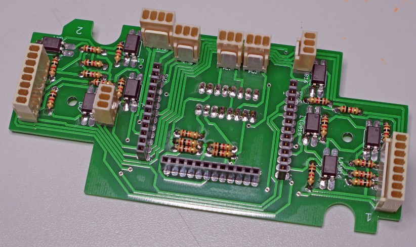 Auf dem nächsten Bild sind schon alle Kabel an die Stecker angeschlossen, die Decoderplatine liegt daneben.
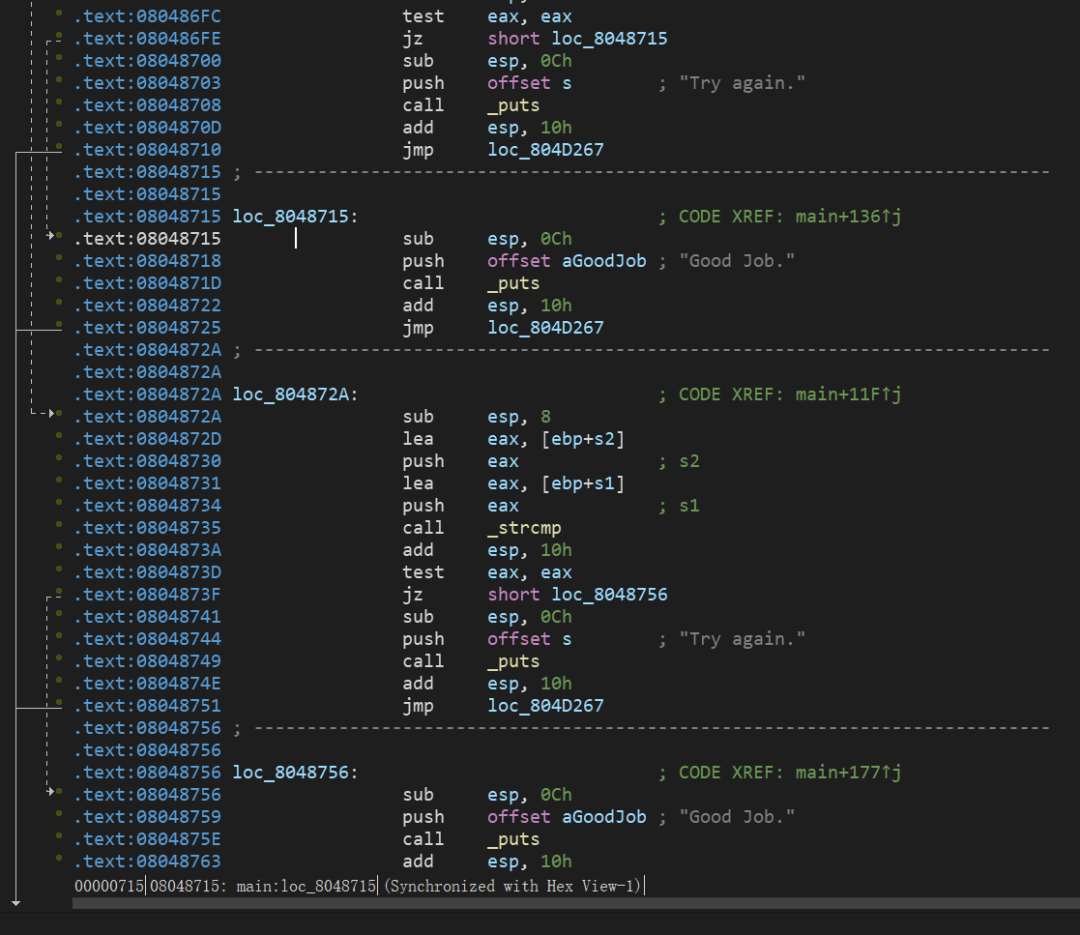 整个函数逻辑流程和00_angr_find一样,只不过加入了个分支avoid_me,倘若angr的explore中不加avoid参数,应该也能跑出来,只不过加了后直接会跳过那个avoid_me的分支,加快速度。
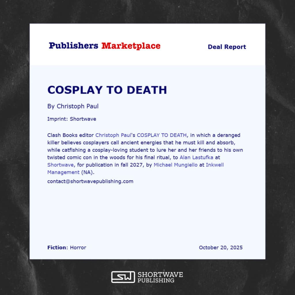 Today we are excited to announce we’ve acquired Cosplay to Death, a new slasher novel by Christoph Paul.
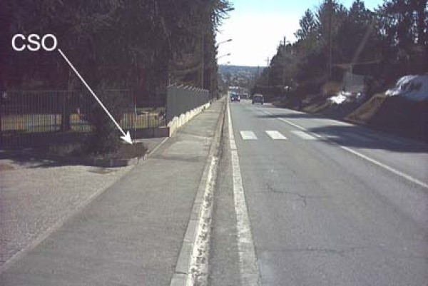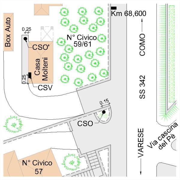 | Contrassegni | [{"simbolo_contrassegno":"B1","materializzazione":"(CSO) – Bullone infisso nel muretto di recinzione, a destra del cancello di accesso alla propriet\u00e0 al n\u00b0 civico 59\/61, lato esterno, spigolo verso la Statale."},{"simbolo_contrassegno":"P3","materializzazione":"(CSO') – Chiusino in ghisa posto all'interno della stessa propriet\u00e0, sul marciapiede opposto alla Statale, all'estremit\u00e0 sinistra appena fuori dal corpo del fabbricato, protetto da un chiusino anonimo in cemento."},{"simbolo_contrassegno":"V1","materializzazione":"(CSV) – Mensola cementata sulla facciata opposta alla Statale della stessa residenza, presso lo spigolo di destra."}] |
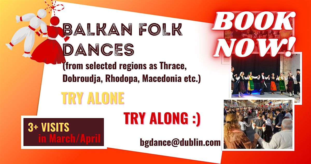 Balkan folk dances in Dublin. No partner required. Try in March/April !
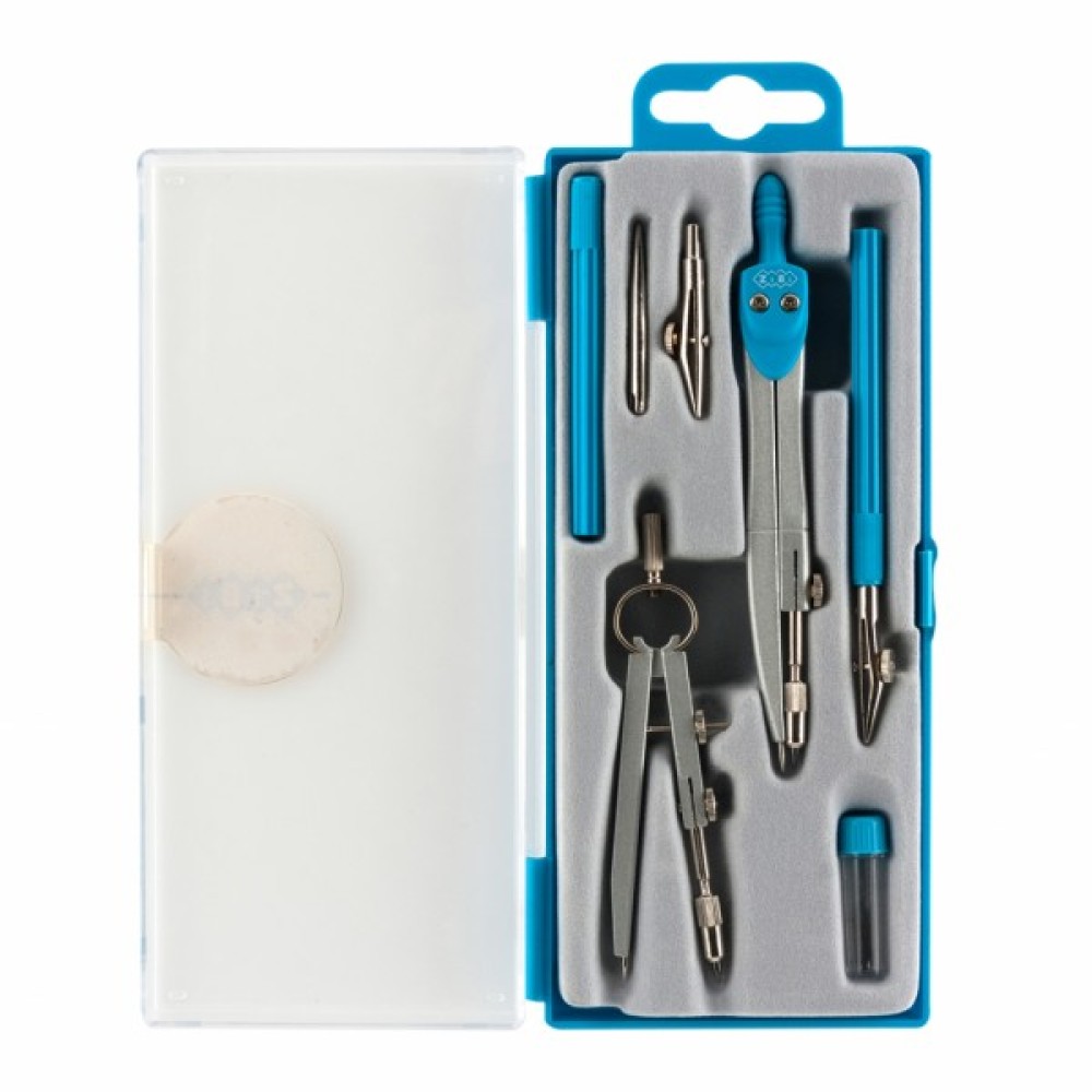 Готовальня Basis з 7 предметів: циркуль металевий,довжина 120 мм; кронциркуль, довжина 95 мм; рейсфедер з тримачем; вставка-рейсфедер; тримач для рейсфедера; вставка-голка; запасний грифель в пеналі. Упаковка: пластиковий футляр з кришкою. Призначений для креслярсько-графічних робіт олівцем. Може бути використаний в геометрії, кресленні, для навігації та інших цілей. Підійде для школярів середніх і старших класів.
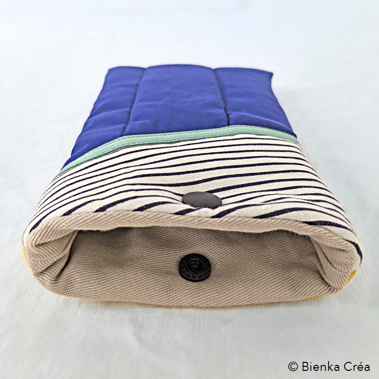 Cette pièce unique se compose d’un assemblage mixant plusieurs extraits de tissus : tissu matelassé bleu indigo (coton et polyester), bandes de coton jaune, orange et écru à rayures noires. La doublure est un coton épais couleur taupe. Fermeture par bouton pression noir. Dimensions : 21 * 11,5 cm.
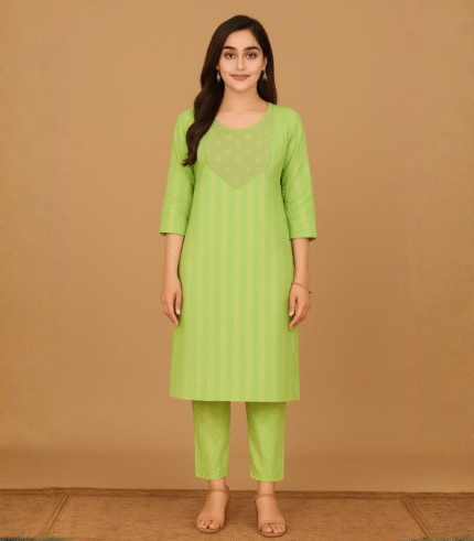 Light Green Striped Kurti with Salwar Pant Set for Women
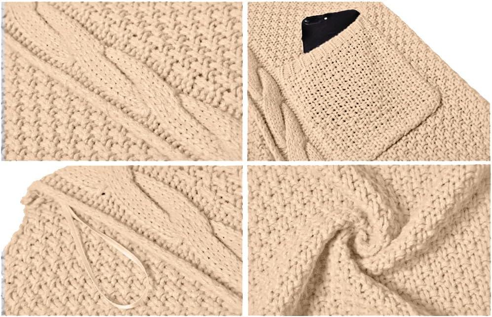 GRECERELLE Women’s Loose Open Front Long Sleeve Chunky Knit Cable Cardigans Sweater with Pockets(31 Apricot)
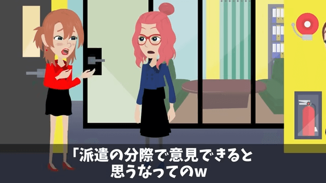 結局主人公は新社長に無視されたまま、会議が終わってしまいます。 その後、社員が「派遣の分際で意見できると思うなっての」と主人公に言ってきました。

+++

> **WORK TO BE COMPLETED**
Please copy the data above word for word, but only from the line that contains "Light Green Striped" through the final line, both included, and without the pictures.

> **RESULT**
 Light Green Striped Kurti with Salwar Pant Set for Women
 GRECERELLE Women’s Loose Open Front Long Sleeve Chunky Knit Cable Cardigans Sweater with Pockets(31 Apricot)
 結局主人公は新社長に無視されたまま、会議が終わってしまいます。 その後、社員が「派遣の分際で意見できると思うなっての」と主人公に言ってきました。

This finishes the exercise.